Records supplied:

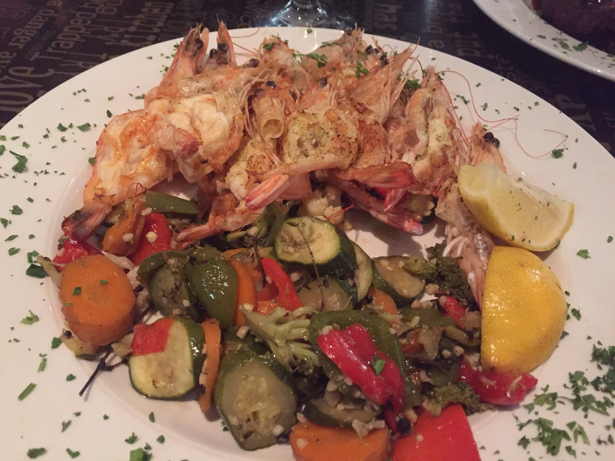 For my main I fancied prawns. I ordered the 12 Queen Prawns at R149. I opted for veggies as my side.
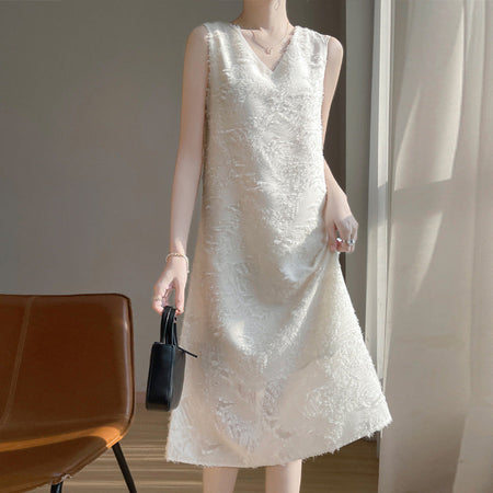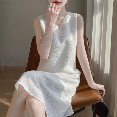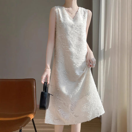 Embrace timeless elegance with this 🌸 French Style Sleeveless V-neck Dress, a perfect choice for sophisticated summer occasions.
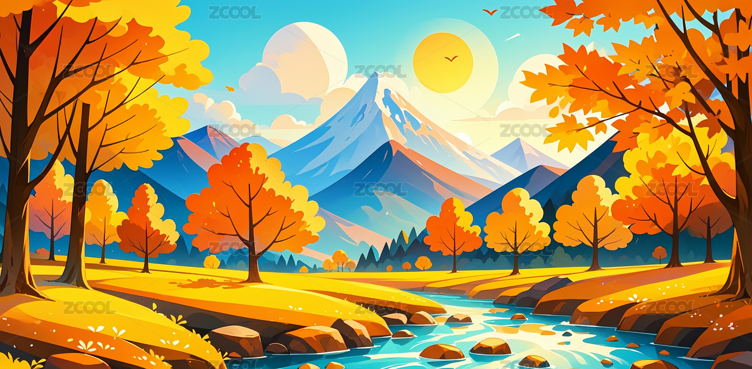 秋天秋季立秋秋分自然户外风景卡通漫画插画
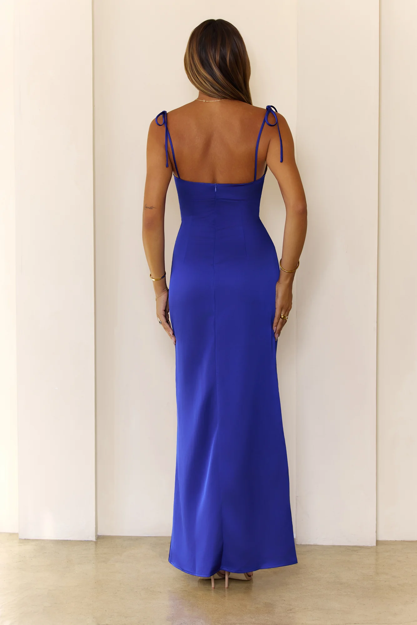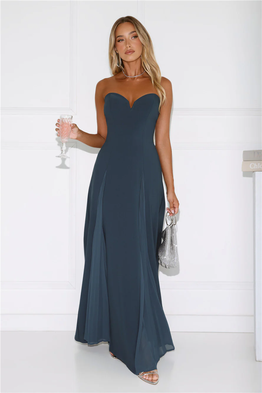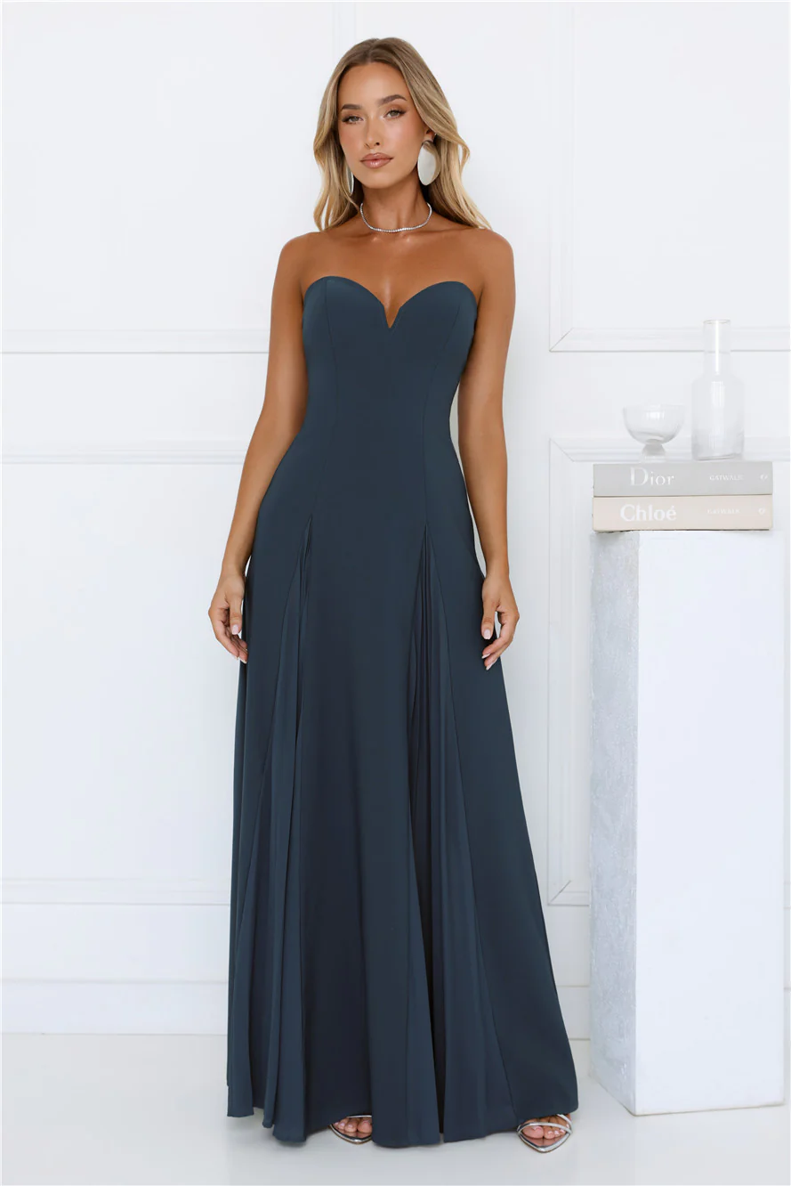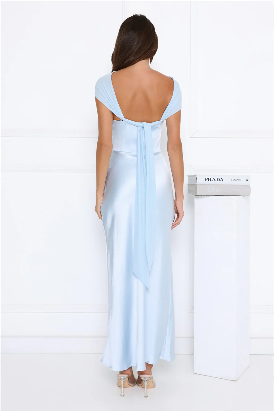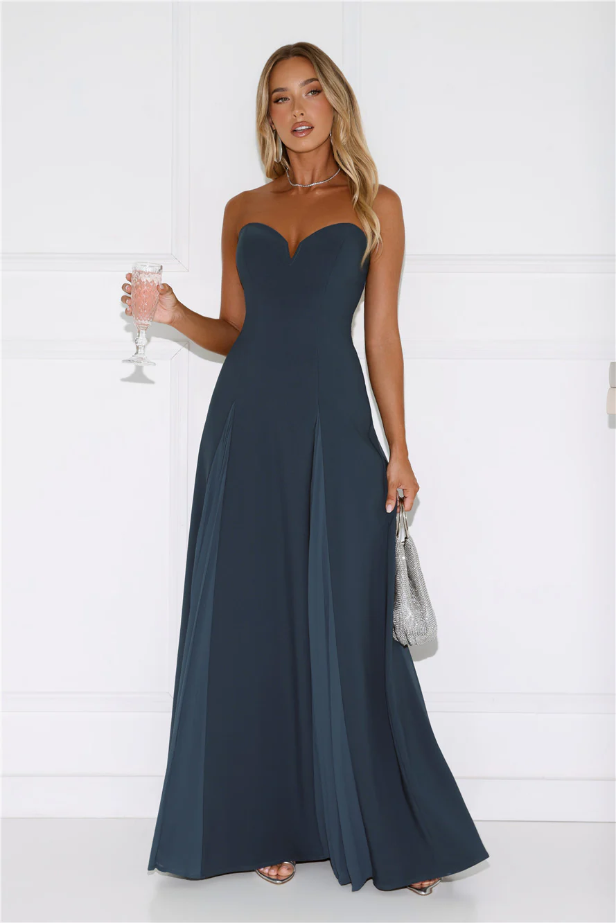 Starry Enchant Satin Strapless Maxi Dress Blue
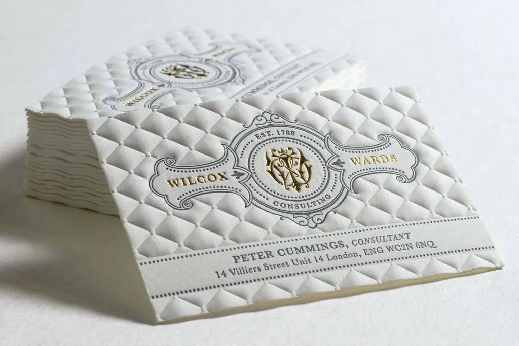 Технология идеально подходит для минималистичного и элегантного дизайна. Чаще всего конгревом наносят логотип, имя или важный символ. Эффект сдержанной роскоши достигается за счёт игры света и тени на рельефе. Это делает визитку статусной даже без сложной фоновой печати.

What you need to do: Give back every record above word for word, dropping pictures.

Solution for this exercise:
 For my main I fancied prawns. I ordered the 12 Queen Prawns at R149. I opted for veggies as my side.
 Embrace timeless elegance with this 🌸 French Style Sleeveless V-neck Dress, a perfect choice for sophisticated summer occasions.
 秋天秋季立秋秋分自然户外风景卡通漫画插画
 Starry Enchant Satin Strapless Maxi Dress Blue
 Технология идеально подходит для минималистичного и элегантного дизайна. Чаще всего конгревом наносят логотип, имя или важный символ. Эффект сдержанной роскоши достигается за счёт игры света и тени на рельефе. Это делает визитку статусной даже без сложной фоновой печати.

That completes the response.